In her ruling, released a day before a 2022 law banning abortion after 15 weeks was slated to take effect, Judge Kellie Johnson of Pima County Superior Court reasoned that the 1973 injunction that quashed the Civil War-era abortion ban relied on the US Supreme Court’s Roe v. Wade decision. That case, which guaranteed the right to abortion until fetal viability, was overturned by the country’s high court in June—leaving the question of abortion access in the hands of individual states, including more than half a dozen with pre-Roe bans on the books, including in Arizona, Michigan, and Wisconsin. 

“The court finds that because the legal basis for the judgment entered in 1973 now has been overruled, it must vacate the judgment entirely,” Johnson wrote.

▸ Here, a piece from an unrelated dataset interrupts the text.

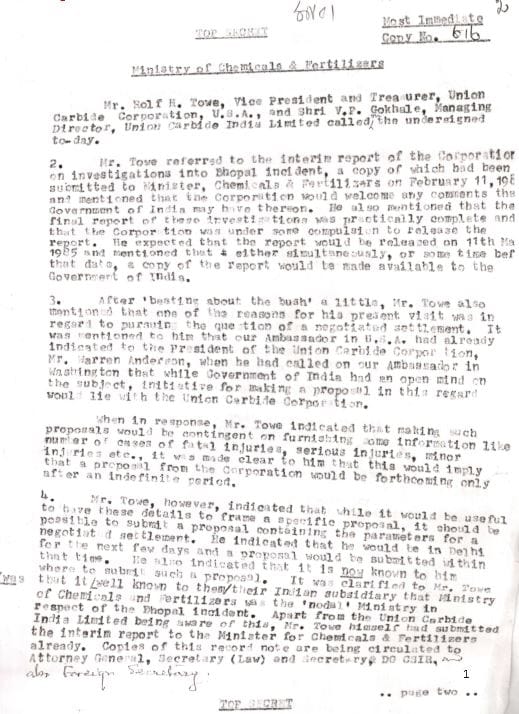 Some documents were obtained from RTIs, provided by Rachna Dhingra, the Bhopal Group for Information Action.
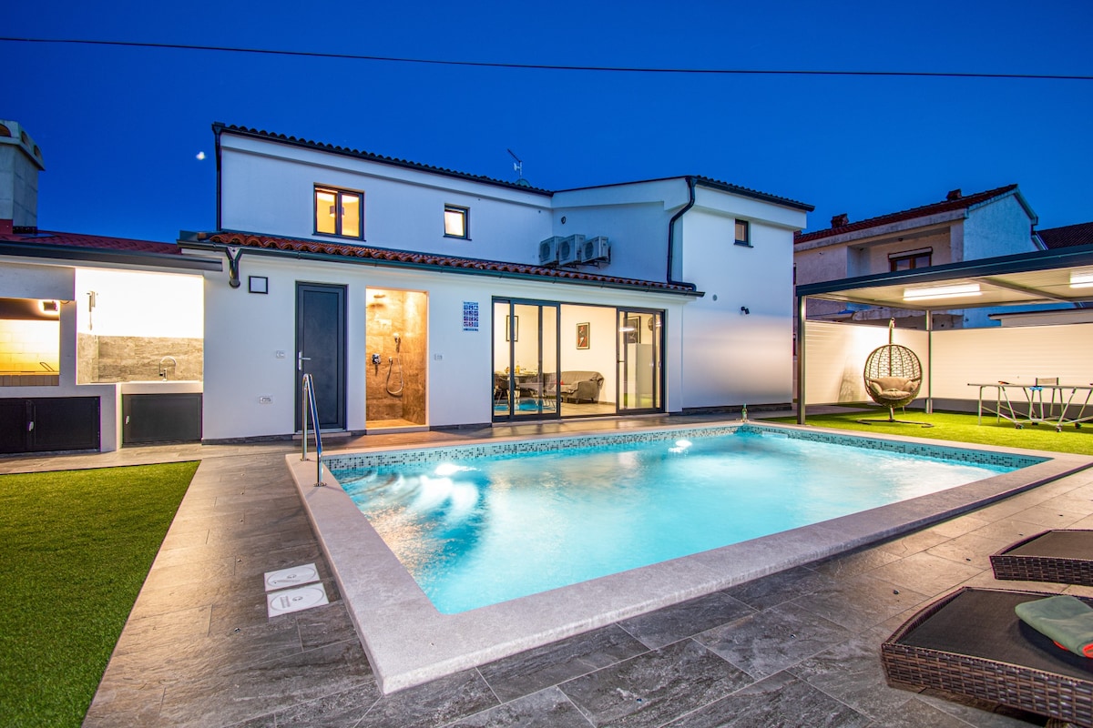 Villa Bella is a beautiful 5-bedroom villa located only 12 km from the city of Pula, and 800 m from the sea. Guests can enjoy a large 47 m2 pool, perfect for refreshing swims on sunny days, as well as a hot tub for ultimate relaxation. The outdoor area is ideal for sunbathing and gathering with friends and family.

Abortion initially remained legal in Arizona after the Supreme Court’s decision invalidated Roe. But questions about whether the 1864 ban—which was updated and ratified in 1901—sent a chilling effect through the state’s nine abortion clinics, causing some to stop providing abortion care due to fear of prosecution.

Even the state’s top Republicans were split on whether the 158-year-old ban was valid: This summer, Arizona Governor Doug Ducey said that the 15-week ban he signed in March would supplant the older ban, while his fellow-Republican, Attorney General Mark Brnovich, argued the pre-statehood ban was enforceable.

“Our office has concluded the Legislature has made its intentions clear with regards to abortion laws,” Brnovich wrote on Twitter. The 1864 law, he wrote, “is back in effect and will not be repealed,” thus superseding the 15-week ban that was set to take effect later this month.

Our office has concluded the Arizona Legislature has made its intentions clear regarding abortion laws.

— Mark Brnovich (@GeneralBrnovich) June 29, 2022

Both the 1864 total ban and the 15-week ban passed nearly two centuries later provide exceptions only for situations in which the parent’s life is at risk; neither law has carve-outs for rape or incest.

But even after Friday’s court decision, it is still not fully clear what the law is in Arizona. In response to questions about Johnson’s ruling, Gov. Ducey’s office told ABC News that he was “proud to sign” the 15-week abortion ban, “which goes into effect [Saturday].”

In this case, though, Ducey’s statement may prove to be hollow. As the state’s Attorney General, Brnovich is the one with final say on whether to prosecute people in violation of the state’s laws—including the 1864 one, if he so chooses. He has indicated he will enforce the stricter ban. “We applaud the court for upholding the will of the legislature and providing clarity and uniformity on this important issue,” he tweeted Friday. “I have and will continue to protect the most vulnerable Arizonans.”

If that’s the route Brnovich takes, it may be short-lived: Both he and Ducey are term-limited in their respective roles as Attorney General and Governor, so neither can run for reelection. Both races to replace them in November are tight.

The next state Attorney General will either be Republican Abe Hamadeh, who says he will work to make sure Arizona’s abortion laws are “fully implemented,” or Democrat Kris Mayes, who says she would not imprison healthcare providers for breaking Arizona’s abortion laws. The University of Virginia’s Center for Politics rates their match-up as “competitive.”

The race for the Governor is also a toss-up between two candidates with very different views on abortion rights. Democrat Katie Hobbs, who is currently Arizona’s Secretary of State, called Friday’s ruling “draconian” and said that, if elected Governor, she will do everything in her power “to stop oppressive bans created before women even had the right to vote to control our reproductive freedom.”

According to polling averaged by FiveThirtyEight, Hobbs is currently ahead of GOP gubernatorial candidate Kari Lake, who calls abortion “the ultimate sin,” by just two points.